TASK OBJECTIVE:
The data must be reproduced verbatim; images are to be omitted.

THE DATA:
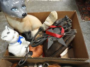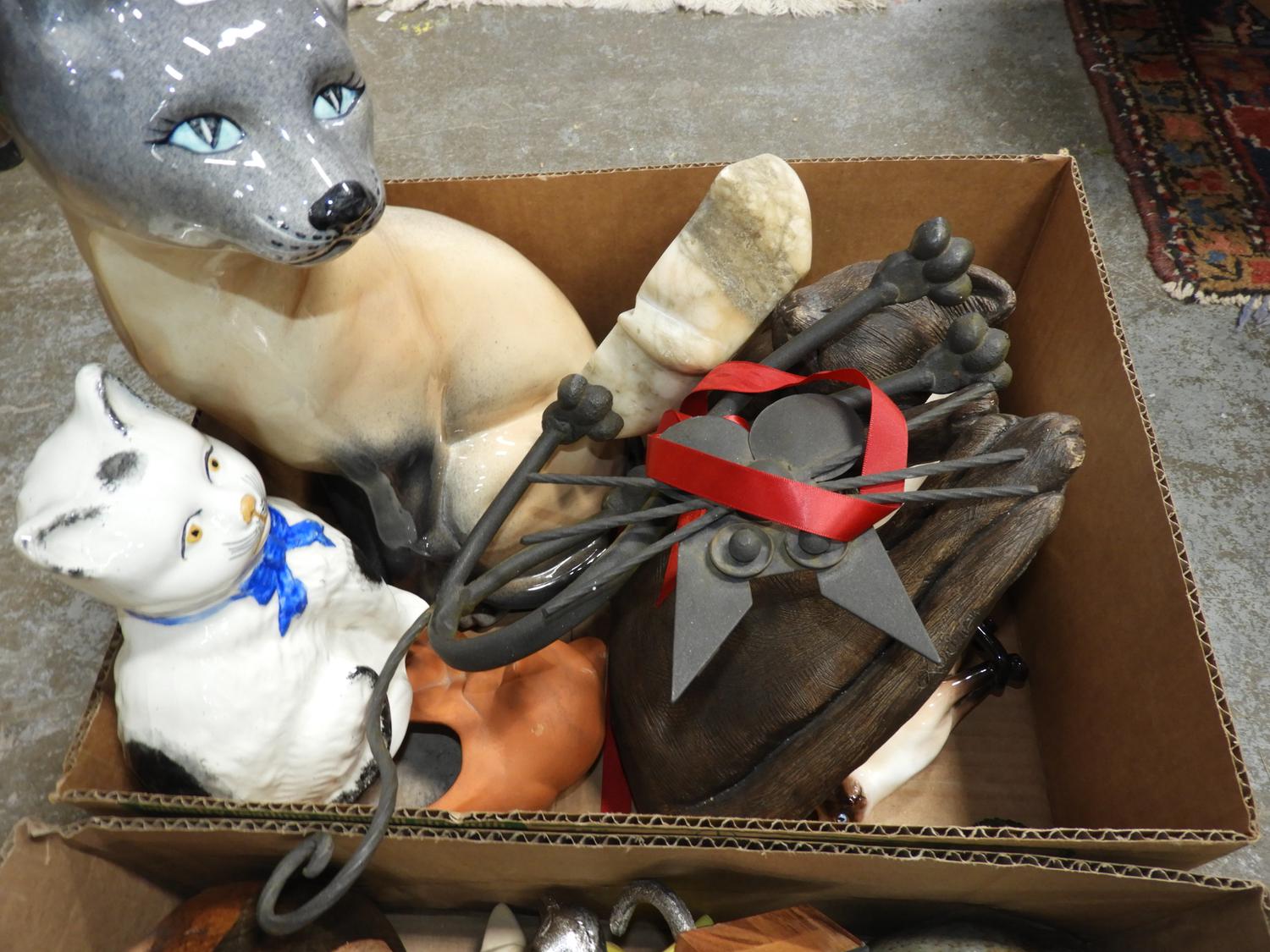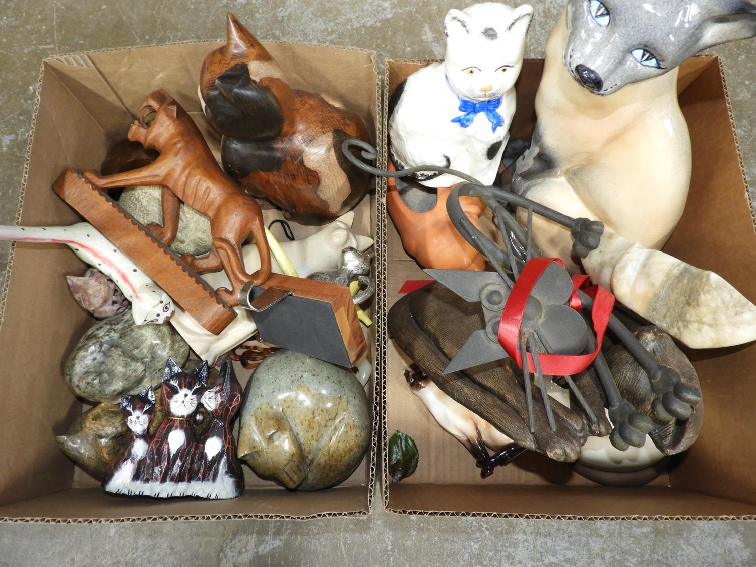 2 boxes of cat decorative items
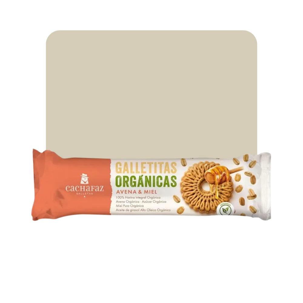 Ingredientes: Harina integral (orgánica), azúcar (orgánica), aceite de girasol alto oleico prensado en frío (orgánico), avena arrollada (orgánica), harina de avena (orgánica), miel de abeja (orgánica), sal marina, RAI: INS (500ii y 503ii), AROMATIZANTE / SABORIZANTE vainilla natural, antioxidante natural (tocoferoles). CONTIENE: DERIVADOS DE TRIGO Y AVENA. PUEDE CONTENER: TRAZAS DE LECHE, HUEVO, SOJA, MANI Y ALMENDRAS.
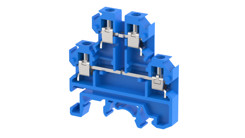 Клемма проходная винтовая 2,5 мм2, двухуровневая, на 4 подключения, зеленая KU2D4(GR) | код 1103380003 | Elmex
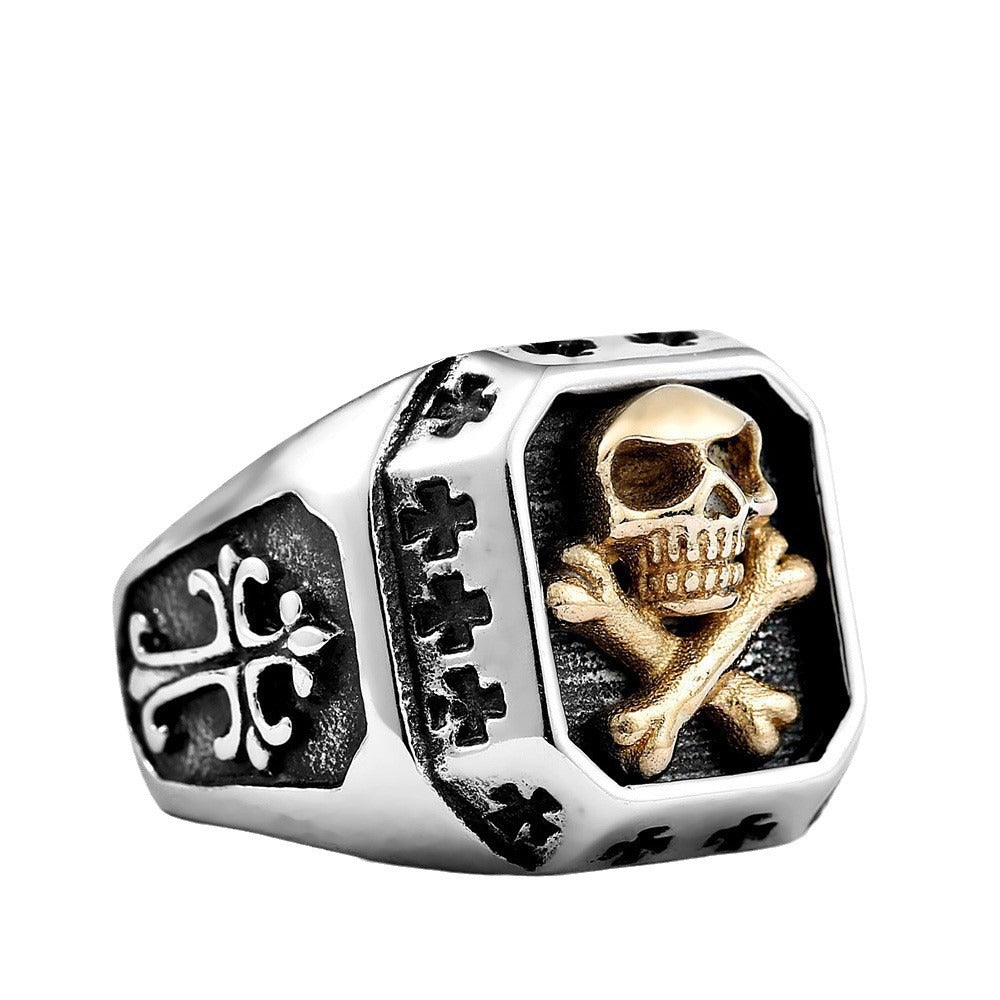 Vintage-Inspired Stainless Steel Skull Ring for Men - Titanium Steel Cross Punk Style
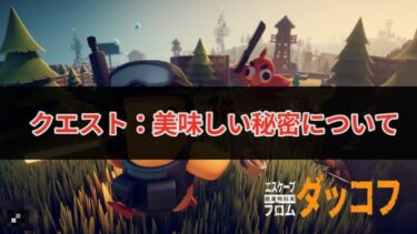 お疲れ様です。こなちゃんです! エスケープフロムダッコフの【クエスト:電源の点検】について紹介していきます。 クエスト:美味しい秘密について 給水塔の場所は製材所の大きい建物の左にあります。 近づいて […]
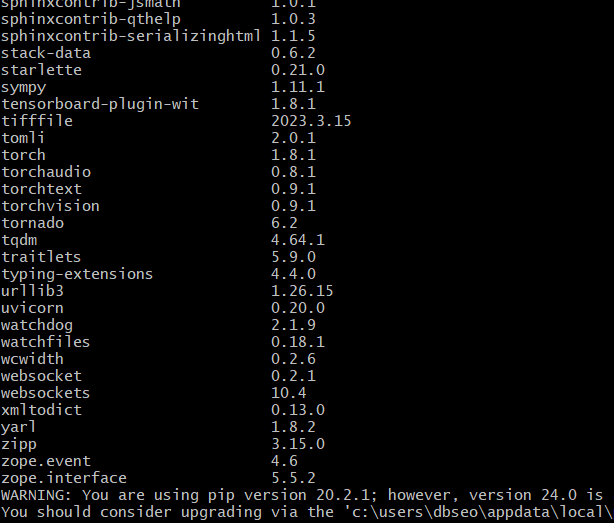 가상환경에는 uvicorn, fastapi가 설치되어있지 않다는 것을 파악했다
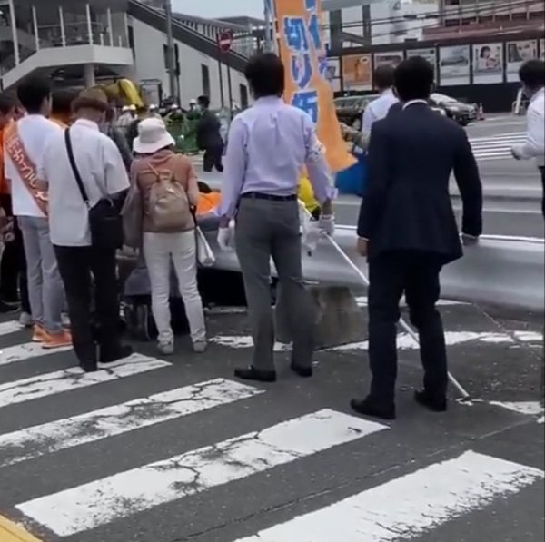 Media lokal NHK menayangkan rekaman yang menunjukkan Shinzo Abe pingsan di jalan, dengan beberapa penjaga keamanan berlari ke arahnya. Abe memegangi dadanya ketika dia pingsan, dengan bajunya berlumuran darah.
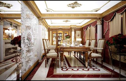Khu vực phòng ăn cũng không ngoại lệ, mang đậm nét tinh tế kinh điển của lối thiết kế cổ điển. Bộ bàn ăn tám chỗ sang trọng với chiếc bàn làm từ gỗ cao cấp phủ sơn trắng, hoa văn trạm khắc ở cạnh và chân bàn. Bộ ghế bọc đệm nhung với hoa văn độc đáo làm tăng sự quý phái, sang trọng.
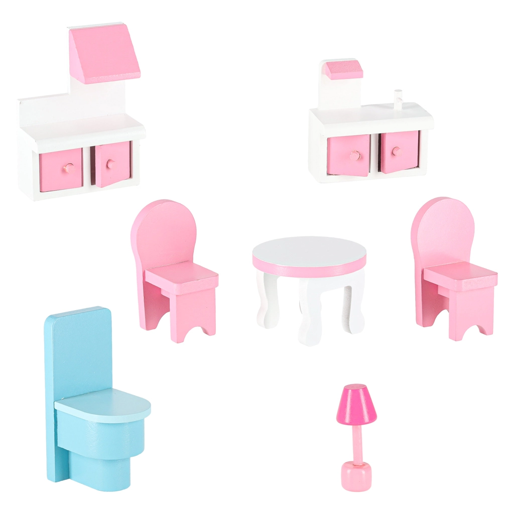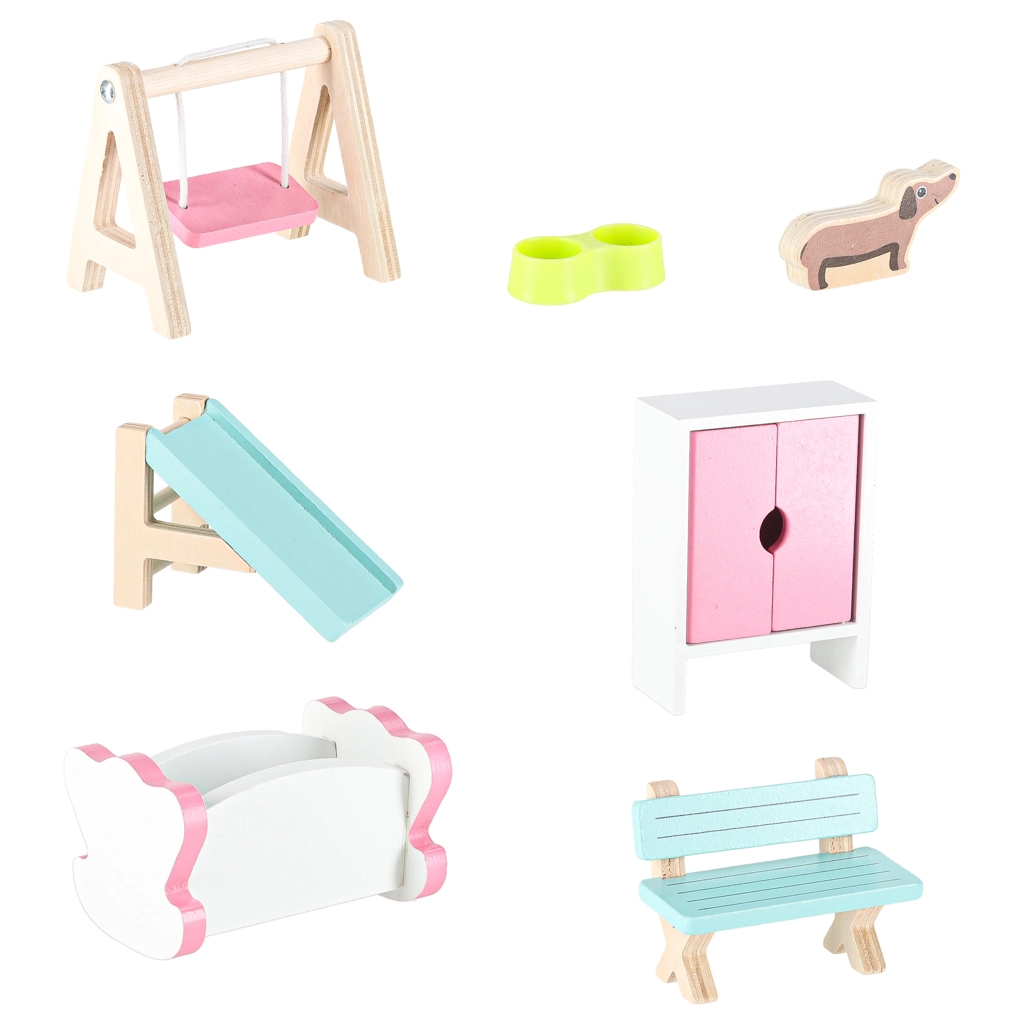 Τραπέζι, καρέκλες, κρεβατάκι, ντουλάπα, κουζινάκι, εξοπλισμός μπάνιου, κούνια, παγκάκι και φιγούρα σκυλάκι – όλα έτοιμα για άμεσο παιχνίδι.

ANSWER TO THIS TASK:
 2 boxes of cat decorative items
 Ingredientes: Harina integral (orgánica), azúcar (orgánica), aceite de girasol alto oleico prensado en frío (orgánico), avena arrollada (orgánica), harina de avena (orgánica), miel de abeja (orgánica), sal marina, RAI: INS (500ii y 503ii), AROMATIZANTE / SABORIZANTE vainilla natural, antioxidante natural (tocoferoles). CONTIENE: DERIVADOS DE TRIGO Y AVENA. PUEDE CONTENER: TRAZAS DE LECHE, HUEVO, SOJA, MANI Y ALMENDRAS.
 Клемма проходная винтовая 2,5 мм2, двухуровневая, на 4 подключения, зеленая KU2D4(GR) | код 1103380003 | Elmex
 Vintage-Inspired Stainless Steel Skull Ring for Men - Titanium Steel Cross Punk Style
 お疲れ様です。こなちゃんです! エスケープフロムダッコフの【クエスト:電源の点検】について紹介していきます。 クエスト:美味しい秘密について 給水塔の場所は製材所の大きい建物の左にあります。 近づいて […]
 가상환경에는 uvicorn, fastapi가 설치되어있지 않다는 것을 파악했다
 Media lokal NHK menayangkan rekaman yang menunjukkan Shinzo Abe pingsan di jalan, dengan beberapa penjaga keamanan berlari ke arahnya. Abe memegangi dadanya ketika dia pingsan, dengan bajunya berlumuran darah.
Khu vực phòng ăn cũng không ngoại lệ, mang đậm nét tinh tế kinh điển của lối thiết kế cổ điển. Bộ bàn ăn tám chỗ sang trọng với chiếc bàn làm từ gỗ cao cấp phủ sơn trắng, hoa văn trạm khắc ở cạnh và chân bàn. Bộ ghế bọc đệm nhung với hoa văn độc đáo làm tăng sự quý phái, sang trọng.
 Τραπέζι, καρέκλες, κρεβατάκι, ντουλάπα, κουζινάκι, εξοπλισμός μπάνιου, κούνια, παγκάκι και φιγούρα σκυλάκι – όλα έτοιμα για άμεσο παιχνίδι.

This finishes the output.